Avec Adrien, nous les regardons dormir. Nael aura droit à du doliprane car son crane le fera souffrir quelques jours. Et puis il aura un sommeil étonnement paisible et tétera de façon sereine. Son frere, couinant de son petit museau avec son petit poids, comme une petite fouine qui a déjà envie de quitter le nid, mettras un peu plus de temps avant de conssentir lui aussi à teter sans m’arracher le téton.

Les jours suivant.
J’accomplis les gestes de soin et de tendresse avec un automatisme désarmant. Mais si les puéricultrices me trouvent etonement en forme et maternelle pour une mere de jumeaux, je me trouve l’air détachée.
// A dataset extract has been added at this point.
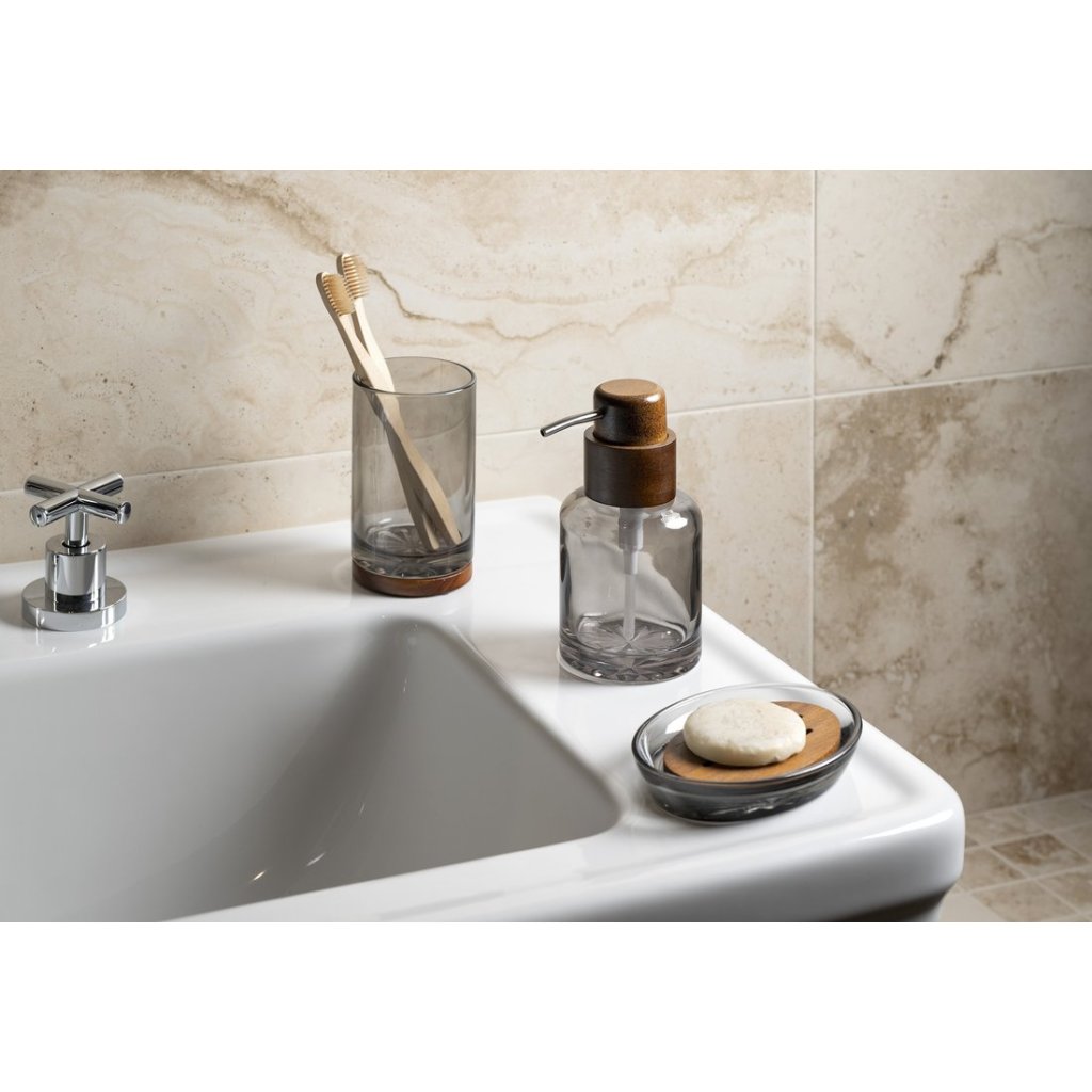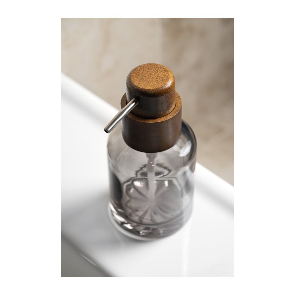 Sapho, dozator de săpun de sine stătător FIGO 300 ml, sticlă afumată/lemn, 08387

Le lien ne se fait pas aussi fort que pour Louca. Je les regarde avec un mélange de tendresse, de curiosité, d’appréhension et de culpabilité. Ou est ce coup de foudre tant promis? Et puis le renifle, je le regarde, je les porte, je les nourris de mon sein… Et un jour, Nael me touche. Il se laisse carresser la tête sans hurler. j’ai reussis, j’ai pris soin de lui. Je me met à pleurer. Je le reconnais. Vous m’avez fait le plus beau des cadeaux en arrivant sur cette terre en aussi bonne santé. Vous m’avez permis de me pardonner à moi-même bien des choses dont vous ne soupçonnez pas l’existence. Vous m’avez sauvé de ce passé douteux ou la difficulté de vivre residait uniquement dans ce combat contre moi-même. Et puis, un jour encore, Soren est dans mes bras. Je me met à lui parler. Je lui demande pardon et de nouveau les larmes coulent. Le culpabilité m’envahie et son petit sourire en coin la chasse, il est là c’est tout ce qui compte. Je le respire encore, je le renifle comme une louve et lui aussi le reconnait. C’est mon fils.
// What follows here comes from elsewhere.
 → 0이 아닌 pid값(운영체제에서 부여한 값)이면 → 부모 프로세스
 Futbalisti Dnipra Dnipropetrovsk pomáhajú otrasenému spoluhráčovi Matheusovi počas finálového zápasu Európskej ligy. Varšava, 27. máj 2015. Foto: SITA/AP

Un autre jour encore et je les regarde dormir l’un contre l’autre et se chercher du bout de leur doigts. Et là je me dis: Dieu soit loué vous êtes deux. Cela ne sera pas de trop pour déverser tout l’amour que j’ai à vous donner. Qui l’eut cru? Pas moi en tout cas. A dix mille lieux de me douter jusque bien après le jour de leur naissance qu’un tel miracle etait possible. pas apres tant d’apprehension et de rejet de ce nombre 2. De cette dualité impromptue et totalement deplacée dans une vie que je m’applique encore à maitriser maladroitement.
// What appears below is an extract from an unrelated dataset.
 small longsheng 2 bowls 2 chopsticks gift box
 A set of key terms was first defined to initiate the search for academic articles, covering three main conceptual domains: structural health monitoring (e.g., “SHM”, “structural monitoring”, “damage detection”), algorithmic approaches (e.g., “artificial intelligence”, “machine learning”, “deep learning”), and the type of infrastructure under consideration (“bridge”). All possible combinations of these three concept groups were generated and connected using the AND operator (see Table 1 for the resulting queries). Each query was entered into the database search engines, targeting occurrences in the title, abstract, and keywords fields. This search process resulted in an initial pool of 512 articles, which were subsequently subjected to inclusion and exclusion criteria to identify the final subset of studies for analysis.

Et puis encore un jour. Je suis sous la douche, je touche ce ventre encore rond et gonflé, je sens ce sang qui s’écoule de moi pour finir par disparaitre avec l’eau fraiche, je vois ce visage dans le miroir, encore fin, avec 4 ans de plus, je ressens ce tremblement encore fragile de mes jambes et de mes entrailles qui doucement se refont leur place. Je me sens entourée d’un cocon de maternité que je n’ai pas envie de quitter trop vite. 10 jours de maternité en unité kangourou. J’aurais pu en avoir 20 de plus que cela ne m’aurait pas préparé à ce retour si brutale à la maison. Partagée entre la joie de retrouver ma famille et cette terrifiante confrontation à la vie  »normale ».